Trend Micro Spots Chinese Hackers Targeting Transportation Sector
Since the middle of 2020, a Chinese state-sponsored threat actor called ‘Tropic Trooper’ has been targeting transportation organizations and government entities related to transportation sector, Trend Micro reports.
Also known as Earth Centaur and KeyBoy, the advanced persistent threat (APT) has been around since 2011, conducting espionage campaigns against organizations in government, healthcare, high-tech, and transportation sectors in Hong Kong, the Philippines, and Taiwan.
As part of the attacks conducted over the past year and a half, Trend Micro warned that the group attempted to access flight schedules, financial plans, and other internal documents at the target organizations, as well as any personal information available on the compromised hosts, including search histories.
Trend Micro’s monitoring of the group revealed red teamwork proficiency, as the adversary can easily bypass security settings, prevent its activities from becoming obstructive, and employ reverse proxies that are used to bypass network security systems.
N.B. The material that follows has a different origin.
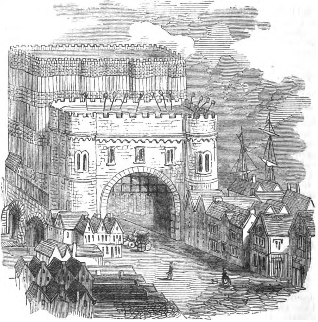 Traitors' Gate, Old London Bridge (Robert Chambers, p.158, 1832)

The APT has also been observed using open-source frameworks, which allows it to easily come up with new backdoor variants, and likely employs the same tactics in attacks on other industries as well, the Trend Micro researchers explained.
Tropic Trooper uses a multi-stage infection process, in which Internet Information Services (IIS) and Microsoft Exchange vulnerabilities (including ProxyLogon) are exploited for intrusion. Next, the attackers install web shells and deploy the Nerapack .NET loader and the Quasar RAT as the first stage malware.
Different types of second-stage backdoors, including ChiserClient and SmileSvr, are deployed, based on the victim. The attackers then begin Active Directory (AD) discovery, leverage Server Message Block (SMB) to spread across the network, and attempt to harvest login credentials.
“We found that the threat group developed multiple backdoors capable of communication via common network protocols. We think this indicates that it has the capability to bypass network security systems by using these common protocols to transfer data. We also found that the group tries to launch various backdoors per victim,” Trend Micro said.
Based on commands received from the command and control (C&C) server, the employed backdoors can download files, write/read files, open command shells for command execution, upload files, list directories and files, and more. Based on the victim, backdoors that support different protocols are used.
“These threat actors are notably sophisticated and well-equipped. Looking deeper into the new methods the group uses, we found that it has an arsenal of tools capable of assessing and then compromising its targets while remaining under the radar,” Trend Micro added.